In the end we stayed away from anything crushingly academic in the game, and I think it was the right choice; but it meant I couldn't make a as strong a case against materialism as I would have liked. In case you're still feeling secure in that belief, here's one of the most fun.

---------------
Mary's Room
Mary is a brilliant scientist who is, for whatever reason, forced to investigate the world from a black and white room via a black and white television monitor. She specializes in the neurophysiology of vision and acquires, let us suppose, all the physical information there is to obtain about what goes on when we see ripe tomatoes, or the sky, and use terms like ‘red’, ‘blue’, and so on. She discovers, for example, just which wavelength combinations from the sky stimulate the retina, and exactly how this produces via the central nervous system the contraction of the vocal cords and expulsion of air from the lungs that results in the uttering of the sentence ‘The sky is blue’. [...] What will happen when Mary is released from her black and white room or is given a color television monitor? Will she learn anything or not?

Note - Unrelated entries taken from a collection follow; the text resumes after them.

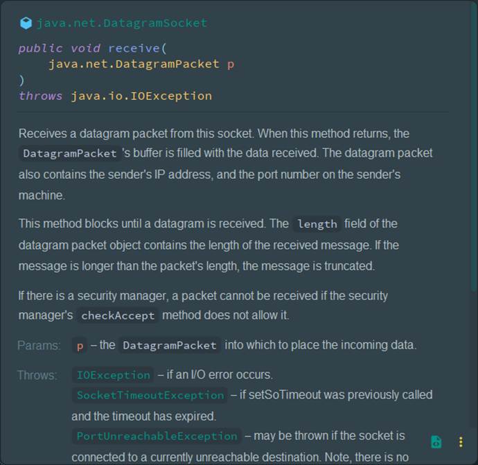 方法说明 从该套接字接收一个数据报包。当此方法返回时,DatagramPacket 的缓冲区会被接收到的数据填充。 数据报包同时包含发送方的 IP 地址 和发送方机器上的 端口号。 此方法会阻塞,直到有数据报被接收。数据报包对象中的 length 字段包含接收到消息的长度。 如果消息的长度大于包的长度,消息将被截断。 如果存在安全管理器,那么当安全管理器的 checkAccept 方法不允许接收时,该数据报包无法被接收。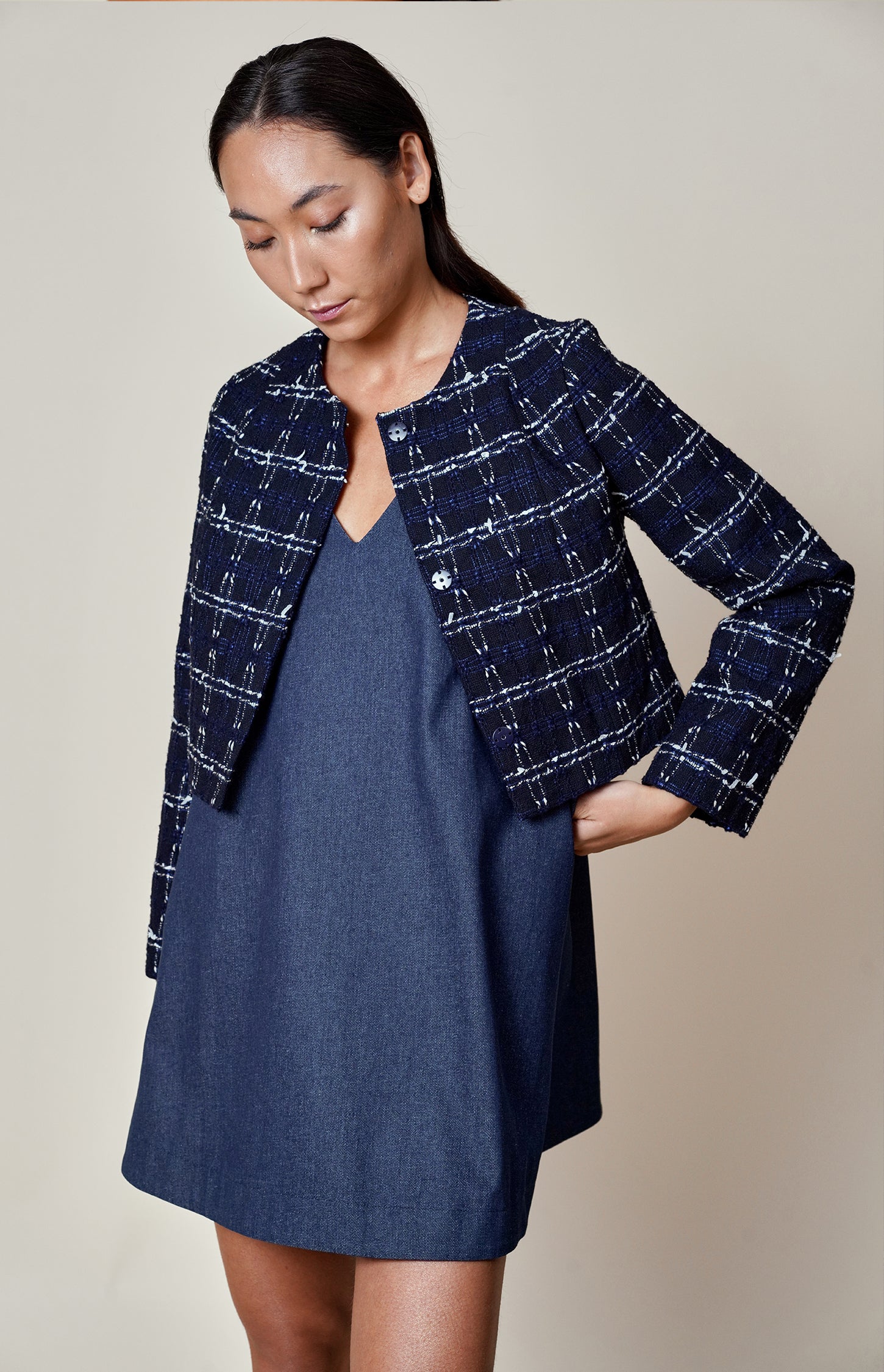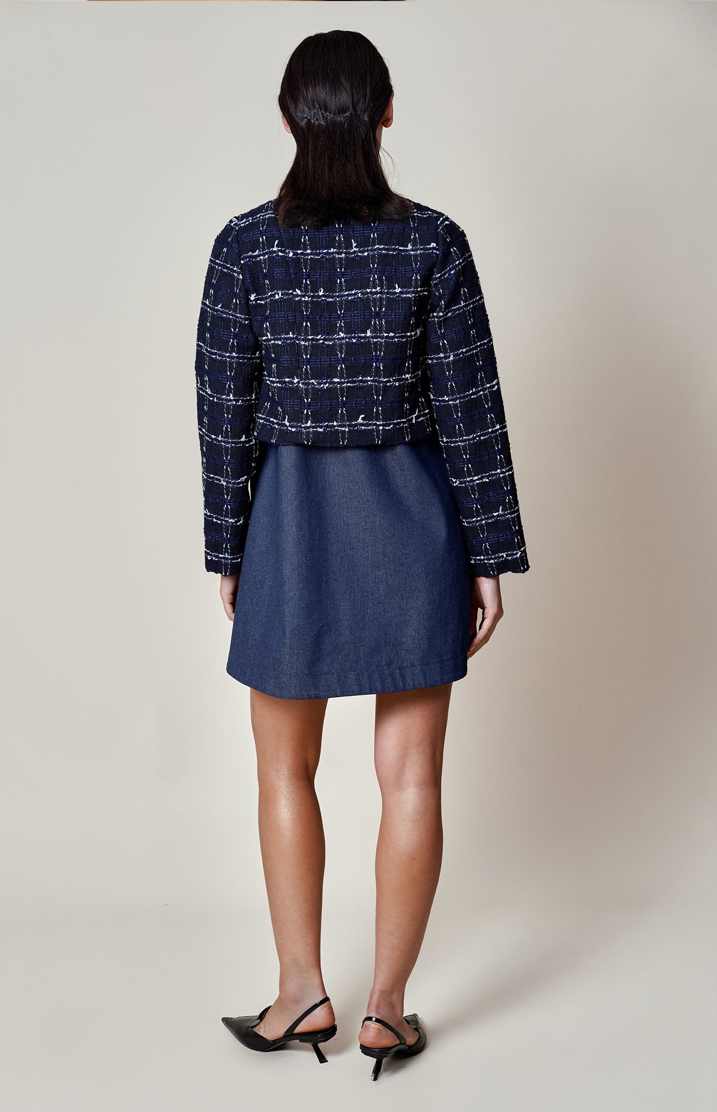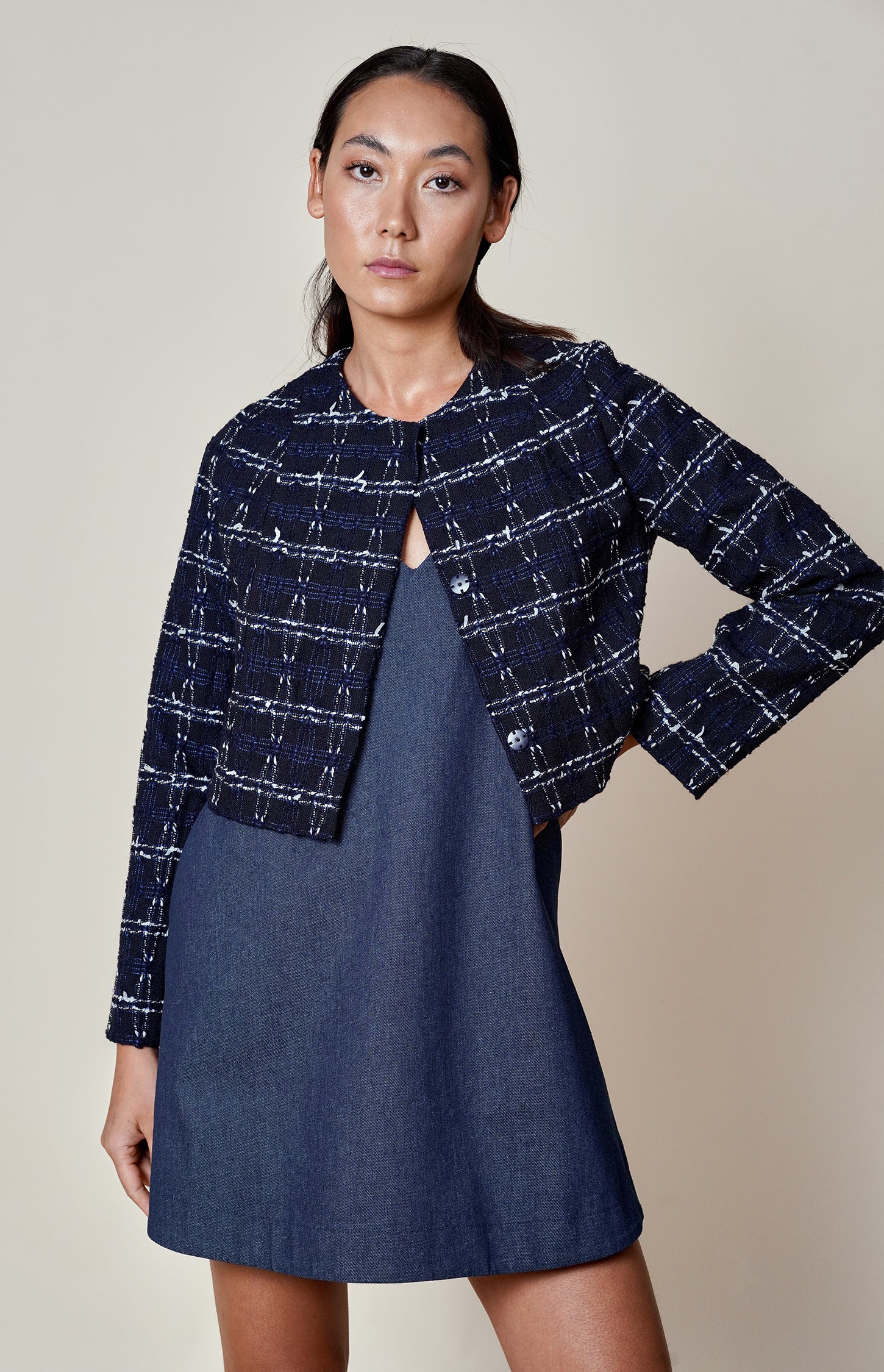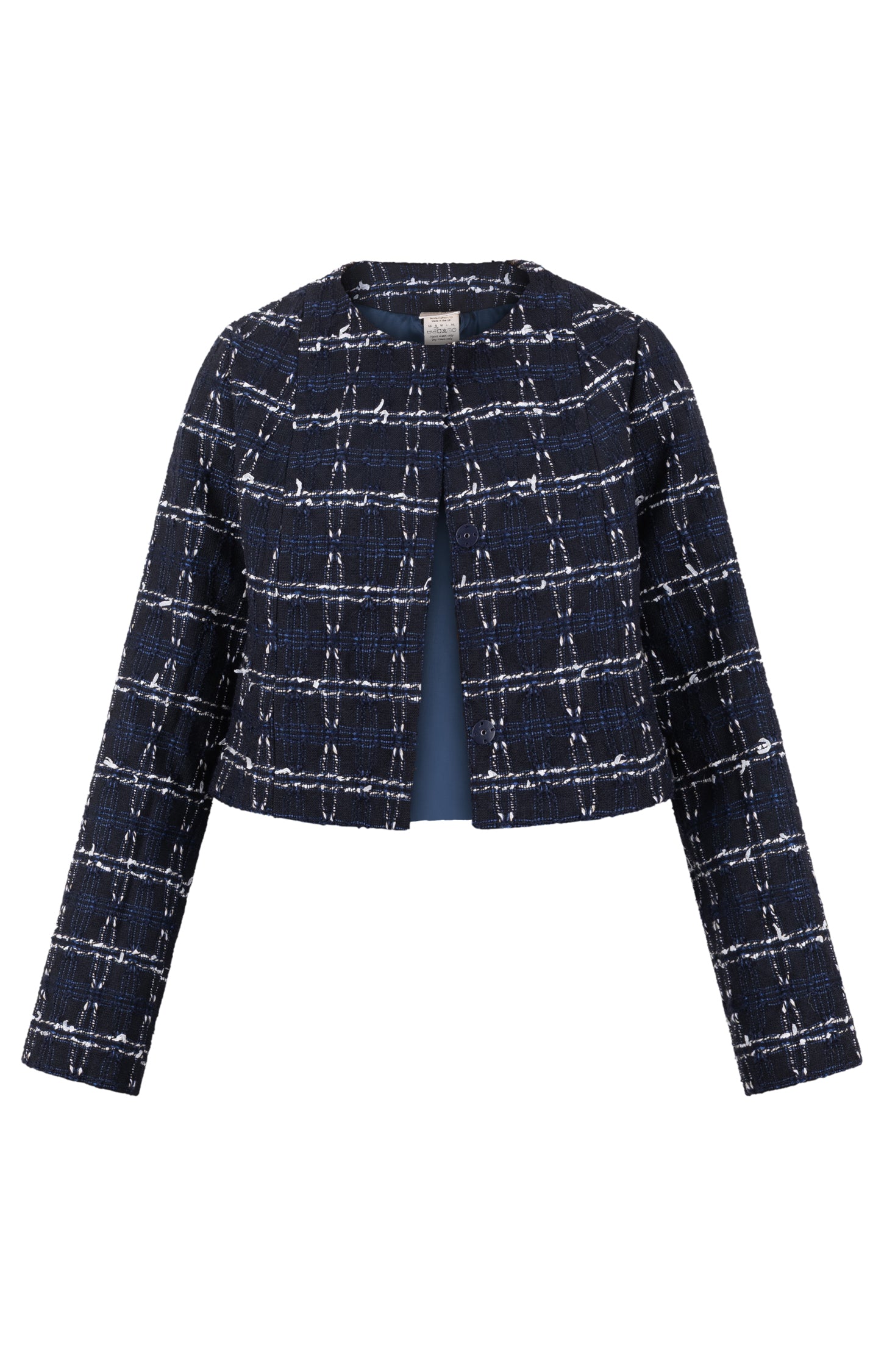 Our tweed jacket embodies timeless elegance, meticulously tailored for a distinguished finish. Cut to the waist and fully lined in fluid viscose, it balances structure with ease, while long sleeves and a refined round neckline evoke a classic, understated silhouette.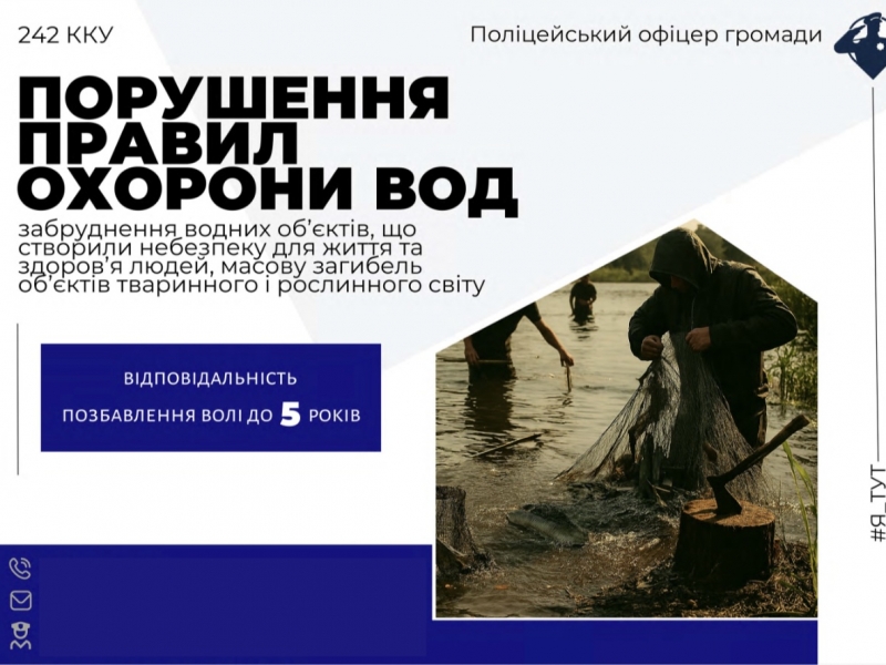 5)за порушення правил охорони вод, забруднення водних об’єктів, що створили небезпеку для життя та здоров’я людей, масову загибель об’єктів тваринного і рослинного світу – позбавлення волі до 5 років.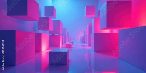 Abstract Neon Cube Corridor A Futuristic Vision of Geometric Shapes Illuminated with Vivid Pink and Blue Lighting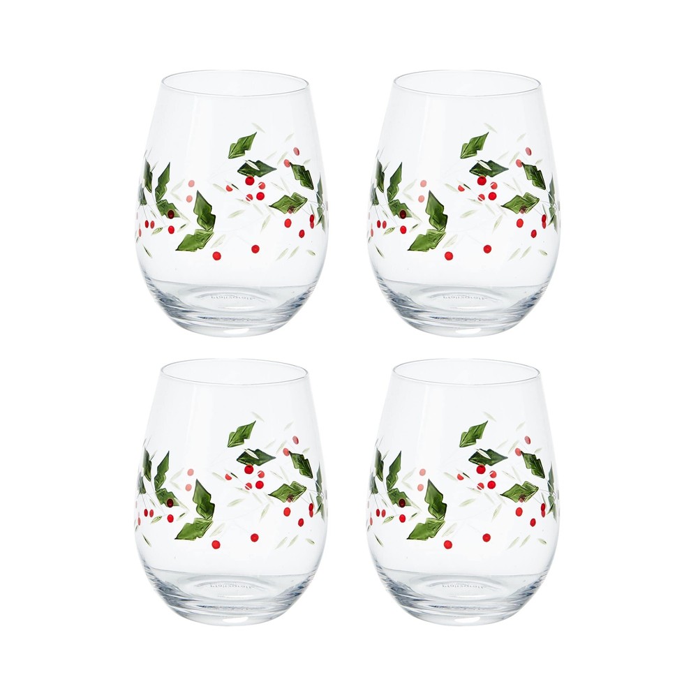 As fall turns to winter, bright holly berries make their appearance, and the Winterberry collection is the holiday classic that brings this timeless motif to life in elegantly sculpted dinnerware and serveware, beautiful glassware, and joyous giftware. This set includes 4 stemless wine glasses with the popular Winterberry motif. These sophisticated etched wine glasses are perfectly shaped for the maximum appreciation of bouquet, flavor and finish. Many experts prefer stemless glasses for the full enjoyment of either red or white wine. Create your ideal table setting with a full range of coordinating Winterberry dinnerware and serveware. This product is not dishwasher safe. Hand wash with warm water and a mild detergent. This set includes 4 stemless wine glasses with the popular Winterberry motif. These sophisticated etched wine glasses are perfectly shaped for the maximum appreciation of bouquet, flavor and finish. Many experts prefer stemless glasses for the full enjoyment of either red or white wine. Create your ideal table setting with a full range of coordinating Winterberry dinnerware and serveware. This product is not dishwasher safe. Hand wash with warm water and a mild detergent.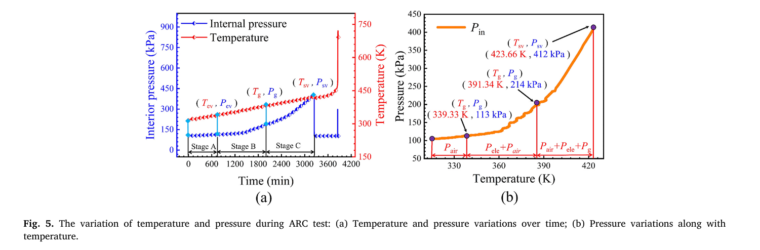 本研究中,團(tuán)隊(duì)使用仰儀科技大型電池絕熱量熱儀BAC-420A,并聯(lián)用壓力傳感器、氣相色譜儀等設(shè)備,針對充滿電的300Ah磷酸鐵鋰電池,對其在熱失控過程中的內(nèi)部壓力變化、氣體釋放情況以及溫度變化展開了詳細(xì)研究。
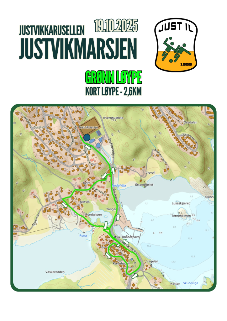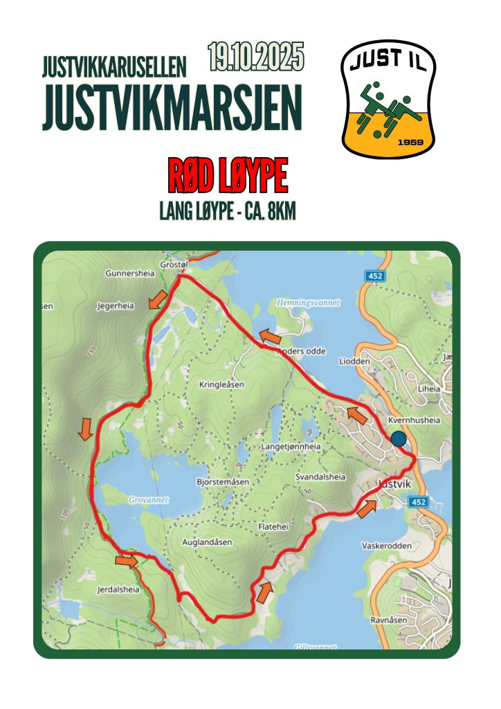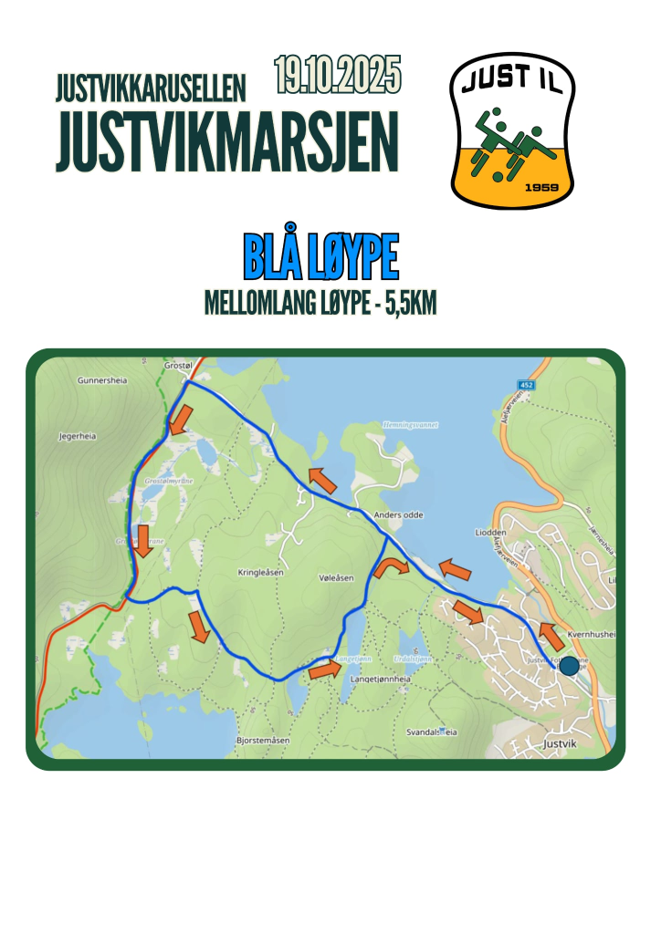 Vi gjentar suksessen fra sist høst og arrangerer Justvikmarsjen også i år. Årets marsj er lagt til søndag 19.10.2025. Det blir også i år tre løyper å velge mellom: En lang, en mellomlang og en kort løype. Minst en av løypene er tilgjengelig for rullestol/barnevogn.

That's from: Jackson, Frank (1982). "Epiphenomenal Qualia". Philosophical Quarterly (32): 127–136.

The idea is that if Mary has never been exposed to colourful stimuli she will not know what it is like to see colour. Correspondingly when she is released from the room she learns something new about the world when she sees colour for the first time. However, the premises of the argument maintained that Mary knows everything there is to know about the physical world. If it's true that she learns something new on release then whatever it is she learns must not be about the physical world, and there must be some other mental plane of existence.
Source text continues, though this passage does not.